Well, here we are folks. The final day of Science Geek Appreciation Week. And what a week it’s been! We’ve read all about The Avery Shaw Experiment, revealed the cover and got a few teasers from The Libby Garrett Intervention releasing this October, we’ve gotten up close and personal with Science Squad author Kelly Oram, and we’ve invaded Avery’s and Grayson’s privacy by reading their journals.
We’ve partied on Facebook with games, teasers, bonus material, and giveaways. (The party’s still going on, so stop by the FACEBOOK EVENT and enter the giveaways before they’re over.)
Hopefully you’ve all bought your copy of Avery at its Science Geek Appreciation price of just $0.99. I promise, it’s worth the dollar! Amazon * iBooks * B&N * Kobo. And, of course, (fingers crossed) you’ve preordered your copy of Libby at the early bird sale price of $2.99.
It seems there’s only one thing left to do, and that would be get a nice good look at The Libby Garrett Intervention in this first-ever sneak peek!
Libby Garrett is addicted to Owen Jackson’s hot lovin’. But the sexy, popular college basketball player doesn’t appreciate all of Libby’s awesomeness. He refuses to be exclusive or even admit to people that they’re dating. The relationship is ruining Libby and she’s the only one who can’t see it.
When Libby’s behavior spirals completely out of control, her best friend Avery Shaw and the rest of the Science Squad stage an intervention hoping to cure Libby of her harmful Owen addiction. They put her through her very own Twelve Step program—Owen’s Anonymous—and recruit the help of a sexy, broody, hard as nails coffee man to be her official sponsor.
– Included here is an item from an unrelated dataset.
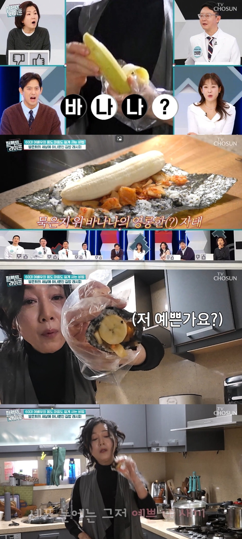 이날 방은희는 흰쌀밥에 김자반을 넣어 간을 맞추고, 묵은지를 주재료로 활용한 김밥을 만들었다. 그는 “평소에도 김치를 좋아해서 모든 것에 김치를 다 넣는다”고 소개했다.

Adam Koepp has watched Libby Garrett for years. How could he not notice the sassy girl with the purple skateboard and helmet plastered with cat stickers? But in all the years he’s crushed on her, Libby has failed to take notice of him. Why would she when he was just a nobody high school drop out who served her apple cider several times a week? Especially when she was hooking up with a guy like Owen Jackson—a guy with a college scholarship and more abs than Kyle Hamilton.
Adam finally gets the chance to meet Libby when his co-worker Avery Shaw recruits him to take Libby on the journey of a lifetime. With his ability to play Bad Cop and his experience with the Twelve Step program he’s the perfect candidate to be Libby’s sponsor. But will he be able to keep his personal feelings out of the matter and really help her the way she needs? And will Libby hate him when he forces her to take an honest look at herself?
(This excerpt hasn’t been though it’s final round of edits and is subject to change in the final draft.)
“I love Avery, and I’m happy for her—she certainly deserves Grayson—but now her perception of reality is totally skewed. She thinks everyone has a fairy-tale ending coming to them. She doesn’t understand that most of us won’t be so lucky. Especially not someone like me.”
Adam kept his gaze on the window and let out a breath. “Someone like you?”
“Yeah, someone like me. Fat girls don’t exactly get a lot of love.”
He pulled his eyes away from the view to glare at me for that one. I wasn’t sure what his problem was. It’s not like my weight was a secret.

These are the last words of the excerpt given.